• Exercise
Further down are entries; set down exactly and only the lines from the one with "Details: Schwarze Damenhausschuhe" up to and including the one with "Style up your", dropping each picture.

• Entries provided

━━━━━━━━━━━━━━━━

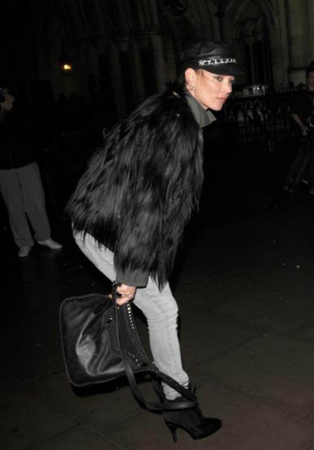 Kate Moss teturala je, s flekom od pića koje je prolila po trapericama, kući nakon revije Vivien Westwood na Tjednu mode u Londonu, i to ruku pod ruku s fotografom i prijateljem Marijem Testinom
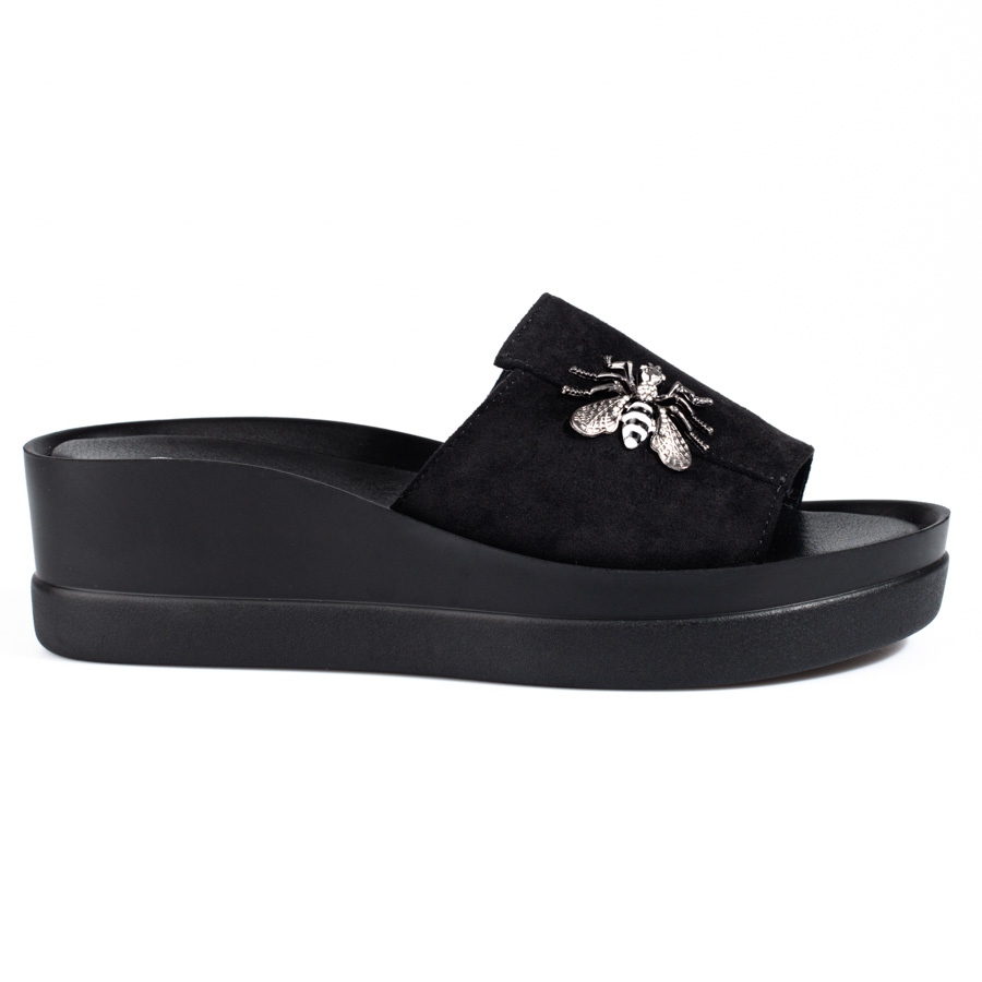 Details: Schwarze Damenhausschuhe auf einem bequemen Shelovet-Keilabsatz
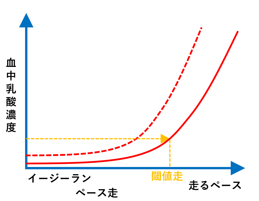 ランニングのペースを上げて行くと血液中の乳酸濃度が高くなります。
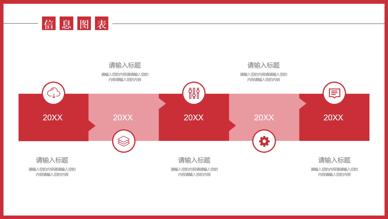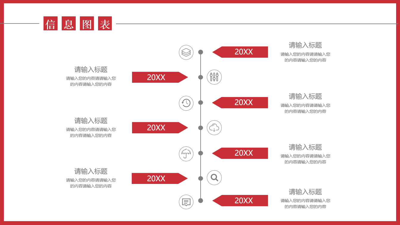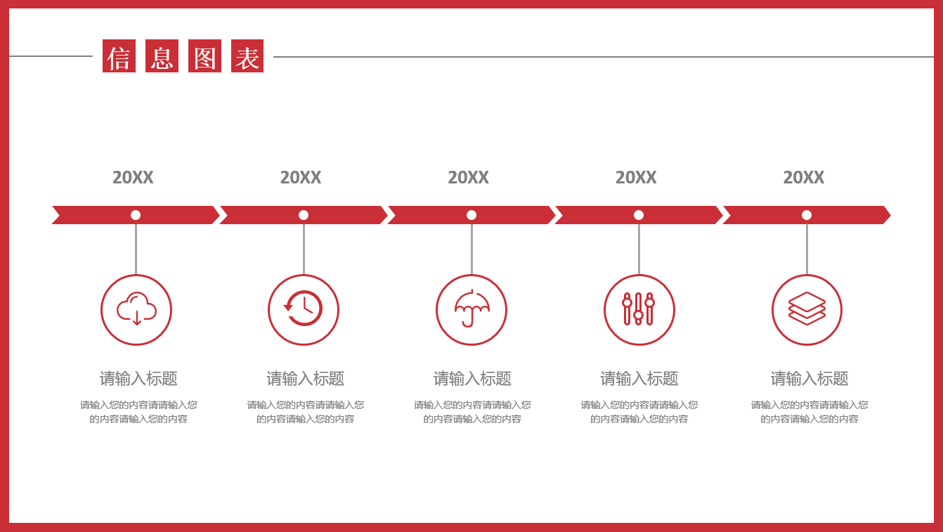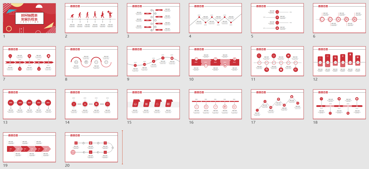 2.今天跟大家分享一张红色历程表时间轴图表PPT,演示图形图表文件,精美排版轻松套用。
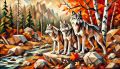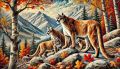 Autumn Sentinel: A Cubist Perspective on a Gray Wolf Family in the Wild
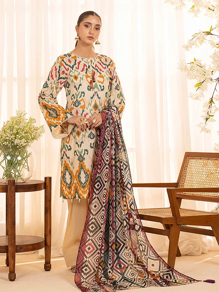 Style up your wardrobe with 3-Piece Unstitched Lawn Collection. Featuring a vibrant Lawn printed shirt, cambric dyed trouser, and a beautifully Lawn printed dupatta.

━━━━━━━━━━━━━━━━

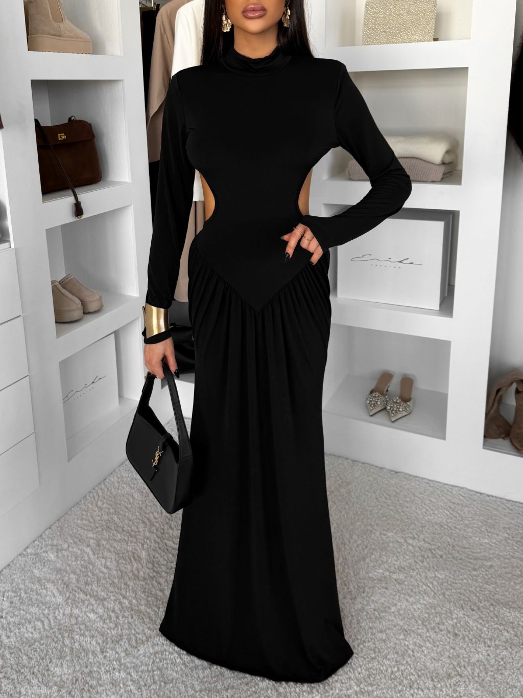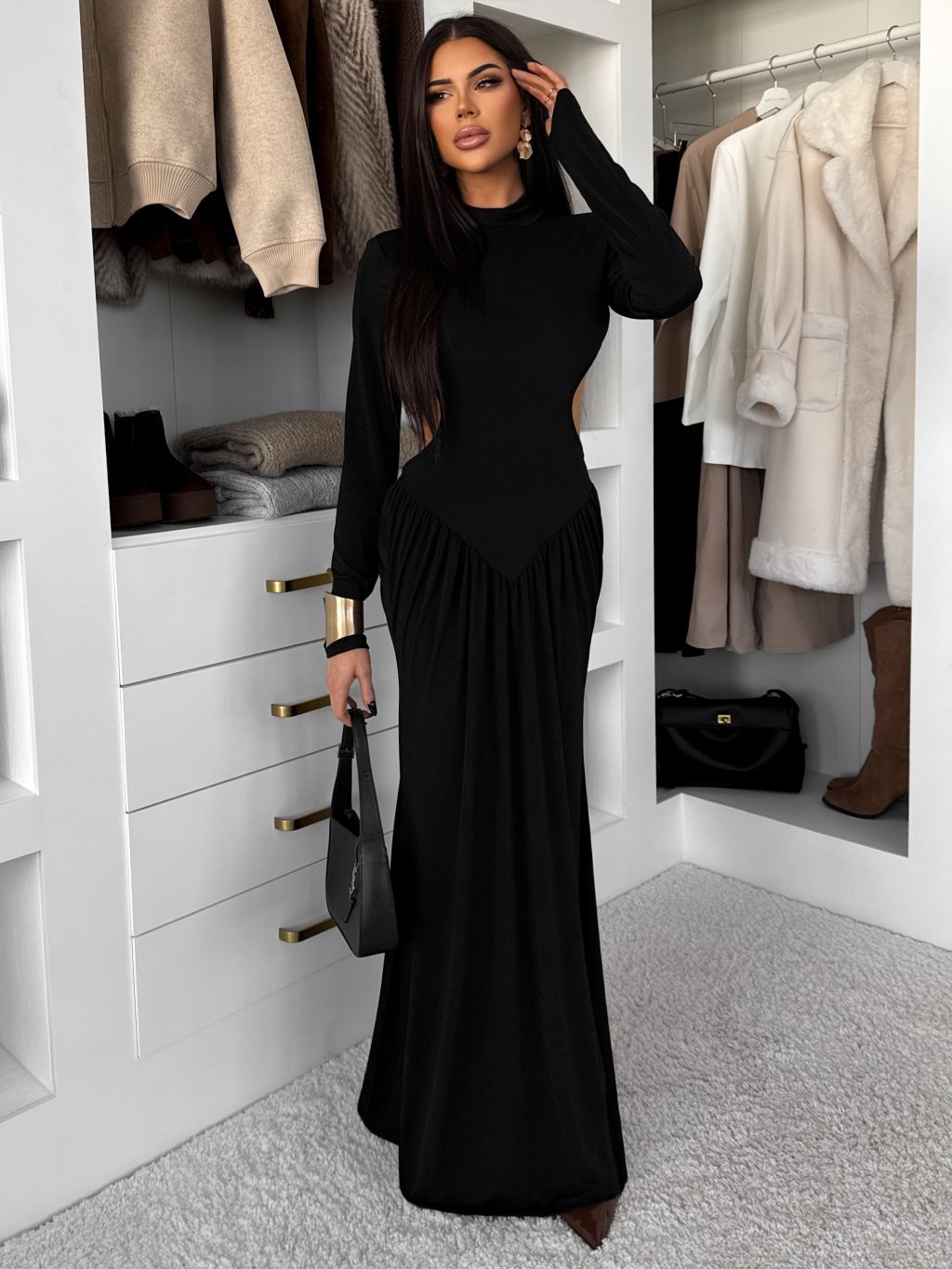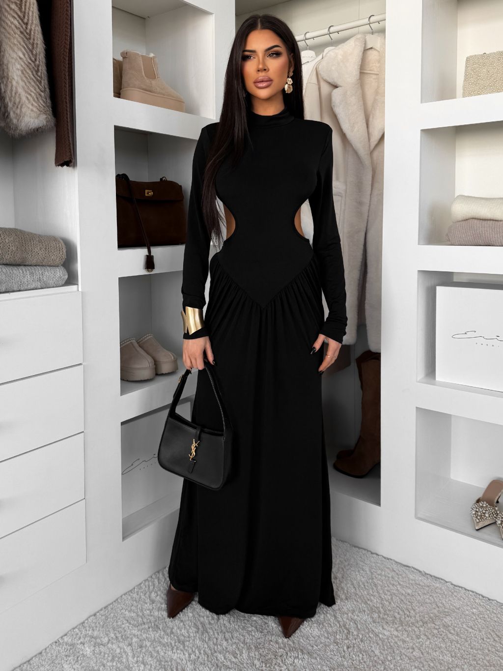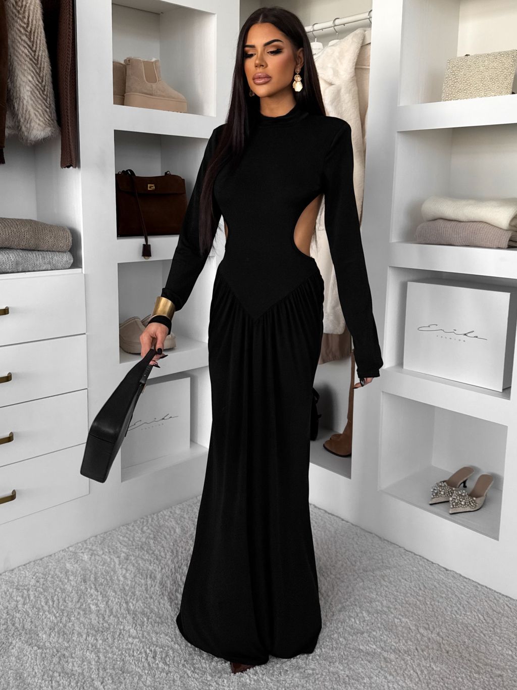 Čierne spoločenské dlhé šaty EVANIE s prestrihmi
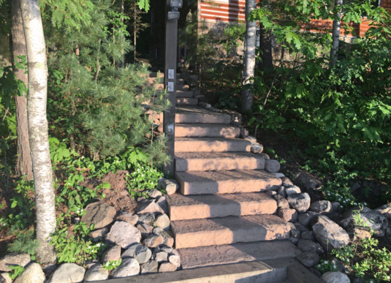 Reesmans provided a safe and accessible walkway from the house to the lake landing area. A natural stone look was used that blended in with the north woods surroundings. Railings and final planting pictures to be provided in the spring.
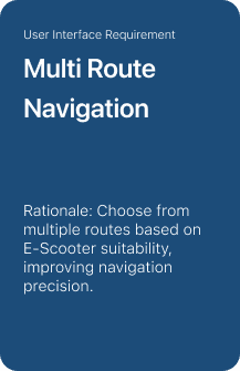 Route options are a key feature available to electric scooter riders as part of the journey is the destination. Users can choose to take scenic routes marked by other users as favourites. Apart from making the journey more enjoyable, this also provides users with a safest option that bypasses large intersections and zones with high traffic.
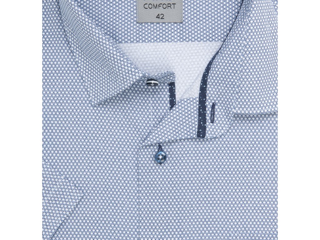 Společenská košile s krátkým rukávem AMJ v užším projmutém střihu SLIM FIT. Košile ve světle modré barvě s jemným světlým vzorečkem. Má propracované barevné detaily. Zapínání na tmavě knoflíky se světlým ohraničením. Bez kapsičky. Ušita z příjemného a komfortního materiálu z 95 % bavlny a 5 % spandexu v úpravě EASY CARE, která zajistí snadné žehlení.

━━━━━━━━━━━━━━━━

• Result below
 Details: Schwarze Damenhausschuhe auf einem bequemen Shelovet-Keilabsatz
 ランニングのペースを上げて行くと血液中の乳酸濃度が高くなります。
 2.今天跟大家分享一张红色历程表时间轴图表PPT,演示图形图表文件,精美排版轻松套用。
 Autumn Sentinel: A Cubist Perspective on a Gray Wolf Family in the Wild
 Style up your wardrobe with 3-Piece Unstitched Lawn Collection. Featuring a vibrant Lawn printed shirt, cambric dyed trouser, and a beautifully Lawn printed dupatta.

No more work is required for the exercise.